## anonymous one year ago Find all solutions of the congruences $x+y+z\equiv 1 (mod 7)$ $x+y+w\equiv 1 (mod 7)$ $x+z+w\equiv 1 (mod 7)$ $y+z+w\equiv 1 (mod 7)$

1. anonymous

\begin{align*} \begin{pmatrix}1&1&1&0\\ 1&1&0&1\\ 1&0&1&1\\ 0&1&1&1\end{pmatrix}\begin{pmatrix}x\\y\\z\\w\end{pmatrix}&\equiv\begin{pmatrix}1\mod7\\1\mod7\\1\mod7\\1\mod7\end{pmatrix}\\[2ex] \begin{pmatrix}x\\y\\z\\w\end{pmatrix}&\equiv \frac{1}{3}\begin{pmatrix}1&1&1&-2\\1&1&-2&1\\1&-2&1&1\\-2&1&1&1\end{pmatrix} \begin{pmatrix}1\mod7\\1\mod7\\1\mod7\\1\mod7\end{pmatrix} \end{align*}

2. anonymous

@SithsAndGiggles Would you please explain to me how you got the second line. I am so confused.
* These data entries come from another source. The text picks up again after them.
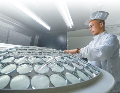 在江蘇丹陽市一家光學(xué)眼鏡有限公司,工作人員在鍍膜車間內(nèi)檢查、填裝鏡片。新華社記者 李 博攝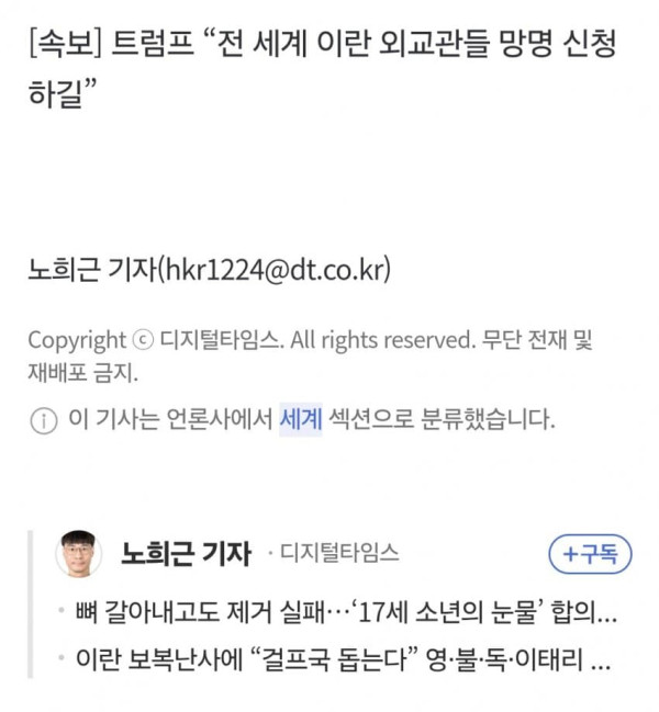 [속보] 트럼프 “전 세계 이란 외교관들 망명 신청하길”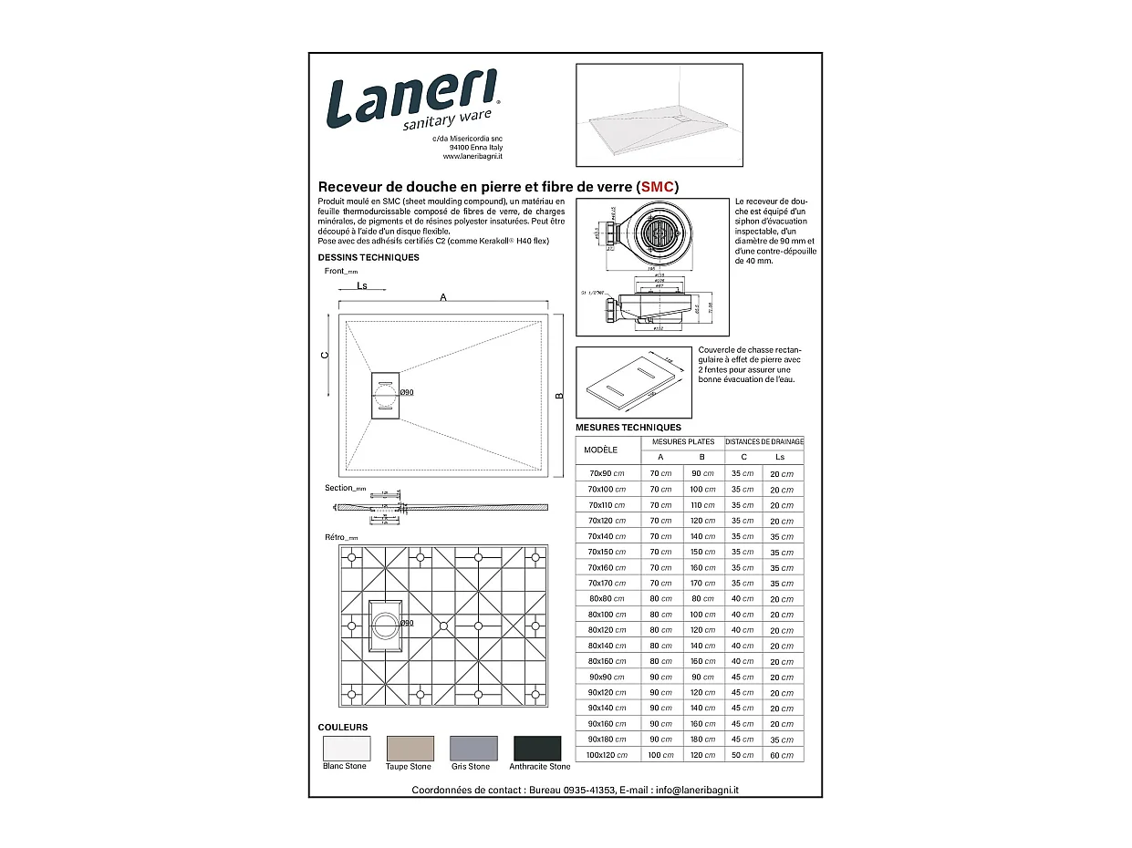 Receveur de douche SMC en fibre de verre effet pierre avec bonde inclus H. 2,6 cm 70 x 170 Gris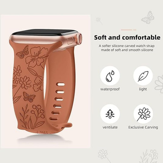 This Engraved Butterfly Apple Watch Band blends delicate style with everyday comfort, featuring intricate butterfly engravings on a soft silicone strap—designed to add a whimsical, feminine touch to your iWatch while ensuring all-day wearability. It’s fully compatible with iWatch Series 10, 9, 8, 7, 6, 5, 4, 3, 2, 1, SE, and Ultra models, making it a versatile replacement band for diverse watch generations. Crafted from high-quality, skin-friendly silicone, the strap balances durability with flexibility, making it suitable for both casual outings and active moments—elevating your iWatch from a functional device to a stylish accessory.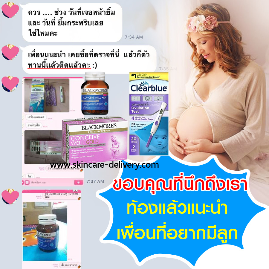 Blackmores Conceive Well Gold วิตามินเพิ่มคนอยากมีน้อง เพิ่มโอกาสในการตั้งครรภ์ด้วยวิตามินเสริมผสม CoQ10 และ Folic ของแท้จากออสเตรเลีย ราคา 1250 สูตรบำรุงไข่ และบำรุงร่างกาย เป็นวิตามินเตรียมความพร้อมของร่างกาย มดลูก ทำให้ไข่สมบูรณ์ ไม่ต้องรับประทานอาหารเสริมมากมาย รับประทาน Blackmores Conceive Well Gold เพียง 2 เม็ด ต่อ 1 วัน เพียงพอแล้วค่ะ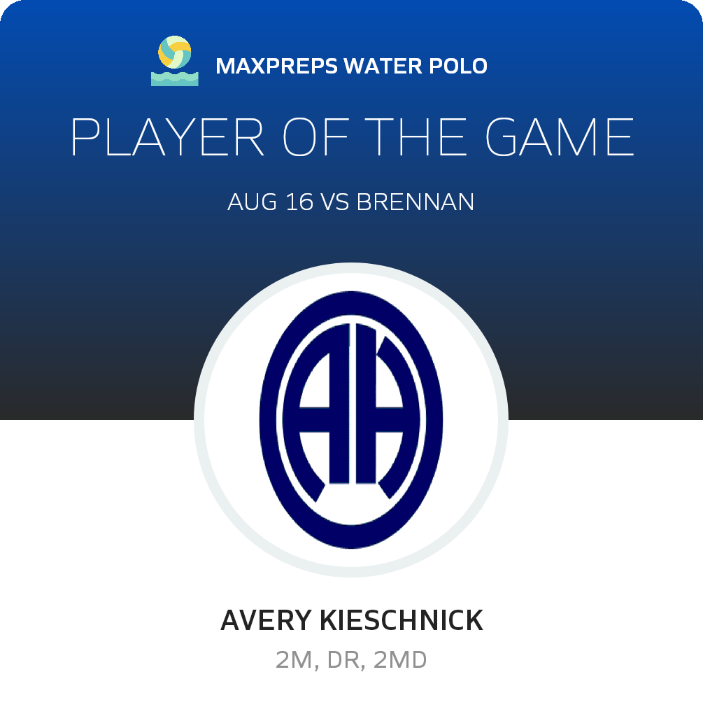 Congratulations to #6 Avery Kieschnick for being selected the Alamo Heights Girls Water Polo Player of the Game.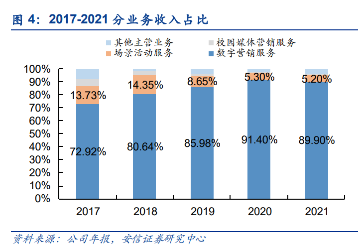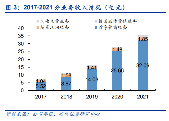 数字营销服务是公司业绩增长核心驱动力。自 2014 年公司转型互联网数字营销领域以来, 行业发展大趋势下,其数字营销服务业务收入快速增长,逐渐成为公司的核心收入来源。2021 年,数字营销服务、场景活动服务、校园媒体营销服务分别占主营业务收入的 89.9%、5.2%、 0.8%。其中,数字营销服务的收入自 2017 年的 5.52 亿元增长至 2021 年的 32.09 亿元,年 均复合增长率为 55.28%,营收占比也从 2017 年的 72.92%上升至 2021 年的 89.9%,是公 司最为核心的业务。数字营销服务分为广告投放代理及广告方案策划与执行,2021 年前者 收入为 31.31 亿元,后者收入为 0.78 亿元。因此,公司主要作为代理中介为客户提供媒介 采买服务。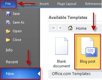 Ms word 2010 பதிப்பை திறந்து file ரப் சென்று new இல் உள்ள Blog post என்பதை தெரிவு செய்யவும்.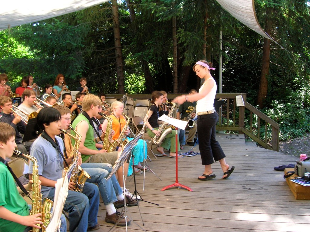 Foto: Sra. Owen enseñando a una banda de jazz en un campamento de música del verano en 2006!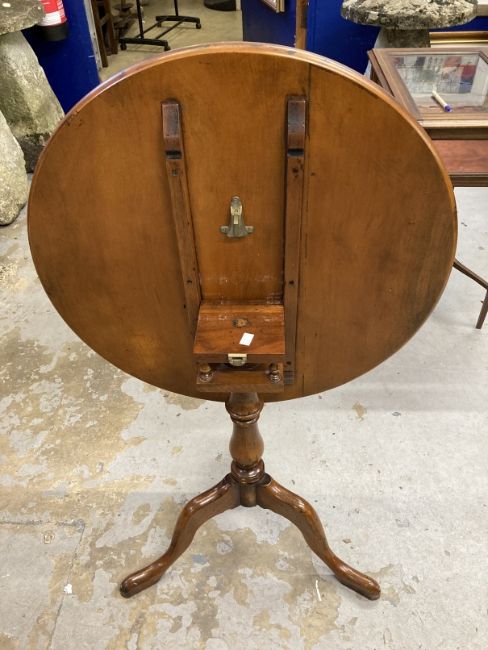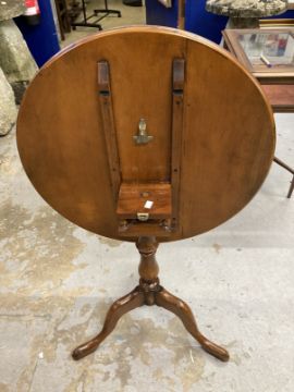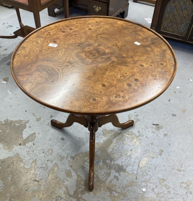 20th cent. Tripod table, burr elm dished top on a bird cage support turned column and three cabriole legs. 27ins. x 20½ins.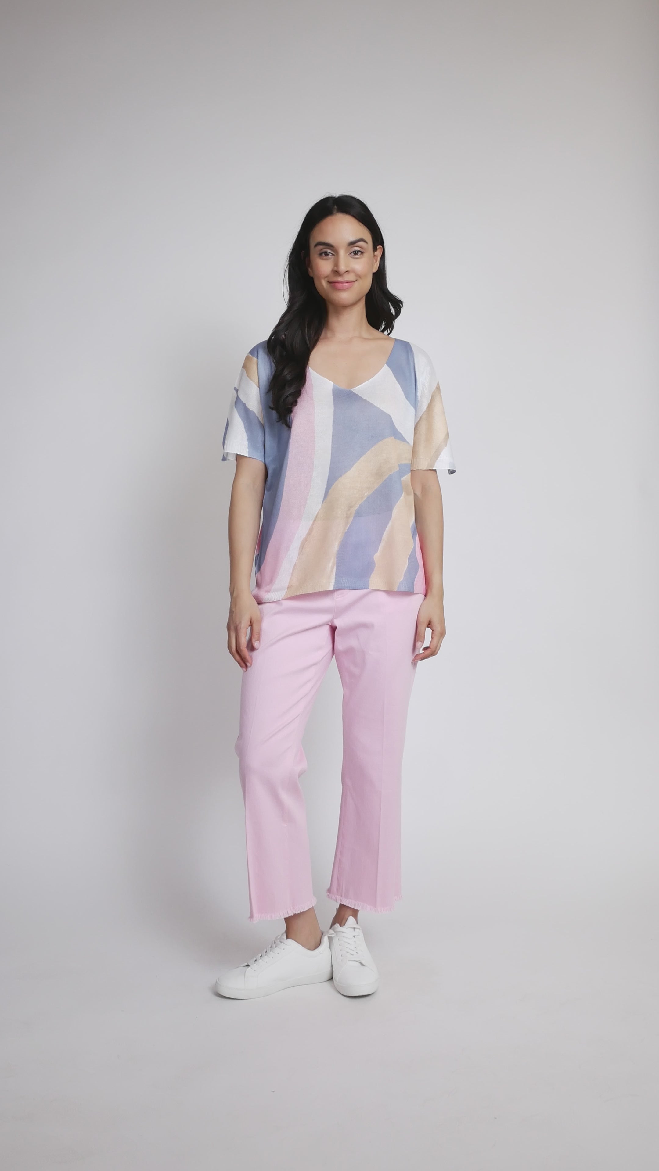 Léger et d'une élégance naturelle, ce pull Via Vitale apporte une touche de savoir-faire italien à votre garde-robe quotidienne. Sa coupe décontractée à manches T et son décolleté en V flatteur créent une silhouette fluide et aérienne, tandis que sa maille douce procure une sensation de confort absolu. Orné d'un imprimé abstrait original qui ne manquera pas de susciter la conversation, il est idéal à superposer ou à porter seul. Fabriqué en Italie, il allie qualité et style.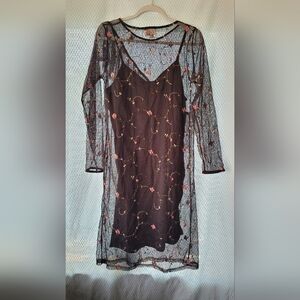 EVERLY Solid Mesh dress w/floral embroidery SIZE S
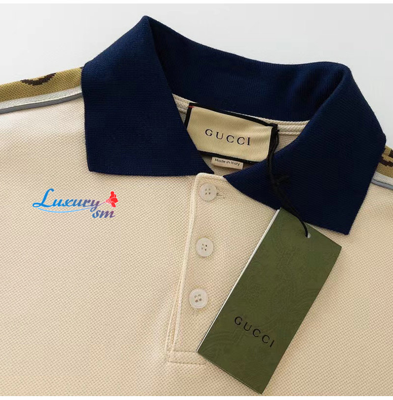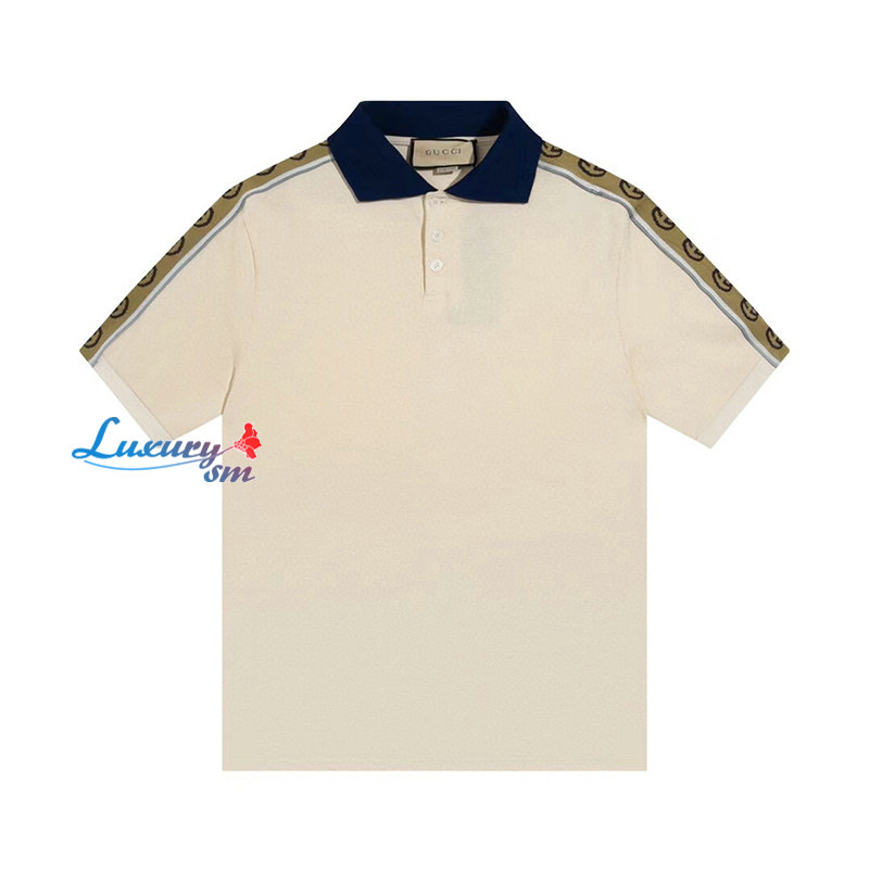 GUCCI-06088 구찌 아이보리 GG 스트라이프 장식 폴로 티셔츠 남성용

Thanks

3. anonymous

Assuming the operations I carried out were valid (I'm not as comfortable with modular arithmetic as I should be), all I did was find the inverse of the coefficient matrix on the LHS, then multiplied both sides by this inverse. $\begin{pmatrix}1&1&1&0\\ 1&1&0&1\\ 1&0&1&1\\ 0&1&1&1\end{pmatrix}^{-1}=\frac{1}{3}\begin{pmatrix}1&1&1&-2\\1&1&-2&1\\1&-2&1&1\\-2&1&1&1\end{pmatrix}$ and for any invertible matrix $$A$$ with inverse $$A^{-1}$$, we have $$AA^{-1}=A^{-1}A=I$$, where $$I$$ is the identity matrix. The actual computation was done by hand and a bit tedious, but you can use a calculator.